For the roughly 1.5 billion people living with soil-transmitted helminth infections worldwide, effective vaccines have remained elusive partly because traditional trial designs struggle to detect modest efficacy signals in complex endemic environments. Controlled human infection models offer a shortcut — deliberately exposing healthy volunteers to calibrated parasite doses in clinical settings — and a new review synthesizes what two decades of such work has revealed about hookworm and schistosomiasis vaccine development.
Both the controlled human schistosomiasis infection model (CHI-S) and the controlled human hookworm infection model (CHHI) have demonstrated acceptable safety profiles and reliable infection detection, qualifying them as credible platforms for early-phase immunization assessment. The two pathogens, though both helminths, behave strikingly differently in controlled settings. Schistosome exposure produces dose-dependent systemic symptoms, constraining challenge doses to levels below those seen naturally in endemic regions. Hookworm models, by contrast, allow infection intensities comparable to mild-to-moderate field burdens, and skin reactions rather than systemic effects dominate the adverse-event profile. Immunologically, short-term schistosome infection appears to promote immune tolerance — a finding with direct implications for vaccine antigen design — while hookworm provokes a distinct host response pattern.

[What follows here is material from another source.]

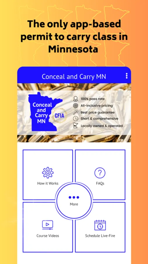 Conceal and Carry MN is an all-in-one FREE app that allows customers to complete the required training and schedule their in-person live-fire exercise. You only pay if you schedule a live-fire exercise. Upon successful completion of the training course and live-fire exercise, students receive a certificate of completion. Students may then apply for a Minnesota Permit to Carry.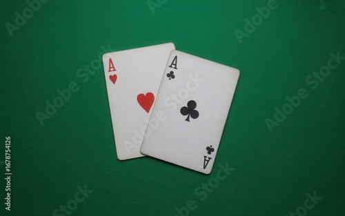 Aces high poker night excitement with heart and club suits creating a winning card game concept

These mechanistic contrasts matter enormously for vaccine strategy. Immune tolerance induced by schistosomes could undermine adjuvant choices and dosing schedules that work well against other pathogens. From a broader research landscape perspective, controlled human infection models have already transformed malaria and typhoid vaccine pipelines by compressing early efficacy testing from years to months — a precedent that makes their helminth application logically compelling but not yet proven to predict field outcomes. Key limitations remain: volunteer populations in these trials are typically immunologically naive Westerners, whose responses may diverge substantially from semi-immune individuals in endemic settings. Translational validity — whether model-derived efficacy signals replicate in Phase III field trials — is the discipline's central unanswered question. Nonetheless, this review marks an incremental but meaningful consolidation of evidence supporting controlled infection platforms as indispensable tools in neglected tropical disease vaccine development.